Lens design may improve lithotripter performance

March 24, 2014

A collaborative effort involving Duke University experts in urology, engineering, pathology, and mathematics has resulted in improved efficiency for shock wave lithotripsy, the researchers report.

A collaborative effort involving Duke University experts in urology, engineering, pathology, and mathematics has resulted in improved efficiency for shock wave lithotripsy, the researchers report.

New designs introduced to lithotripters over the past 2 decades made the devices more convenient and comfortable to use, but reduced the effectiveness of the treatment. After years of research, Pei Zhong, PhD, MS, Glenn M. Preminger, MD, and colleagues have determined why.

“And now, thanks to the willingness of Siemens [a leading lithotripter manufacturer] to collaborate, we’ve developed a solution that is simple, cost-effective and reliable that can be quickly implemented on their machines,” said Dr. Zhong, the study’s senior author and a mechanical engineer at Duke, Durham, NC.

The increased power in some third-generation shock wave lithotripters narrowed the wave’s focal width to reduce damage to surrounding tissues. But this power jump also shifted the shock wave’s focal point as much as 20 mm toward the device, ironically contributing to efficiency loss and raising the potential for tissue damage. The new electromagnetic shock wave generators also produced a secondary compressive wave that disrupted one of the primary stone-smashing mechanisms, cavitation bubbles, the researchers reported online in the Proceedings of the National Academy of Sciences (March 17, 2014).

“We were presented with the challenge of engineering a design solution that mitigated these drawbacks without being too expensive. It had to be something that was effective and reliable, but also something that the manufacturer was willing to adopt. So we decided to focus on a new lens design while keeping everything else in their system intact,” Dr. Zhong said.

The solution was to cut a groove near the perimeter of the backside of the lens and change its geometry. This realigned the device’s focal point and optimized the pressure distribution with a broad focal width and lower peak pressure. It also allowed more cavitation bubbles to form around the targeted stone instead of in the surrounding tissue.

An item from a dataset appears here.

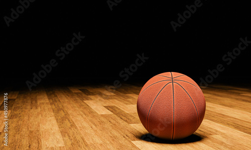 Basketball ball placed on the green playing field. Team sports equipment. 3D rendering

In laboratory tests, the authors sent shock waves through a tank of water and used a fiber optic pressure sensor to ensure the shock wave was focusing on target. They broke apart synthetic stones in a model human kidney and in anesthetized pigs and used a high-speed camera to watch the distribution of cavitation bubbles forming and collapsing.

The results showed that while the current commercial version reduced 54% of the stones into fragments less than 2 mm in diameter, the new version pulverized 89% of the stones while also reducing the amount of damage to surrounding tissue.

“We feel we have exceeded expectations in our evaluation of this new lens design, which is based on solid physics and engineering principles,” said Dr. Zhong, who expects the new lens to enter clinical trials in Germany this summer.

Dr. Zhong, Dr. Preminger, and several of their co-authors hold a patent entitled “Acoustic Lens for Shockwave Lithotripsy and Related Methods” on this technology, which is owned by Duke University.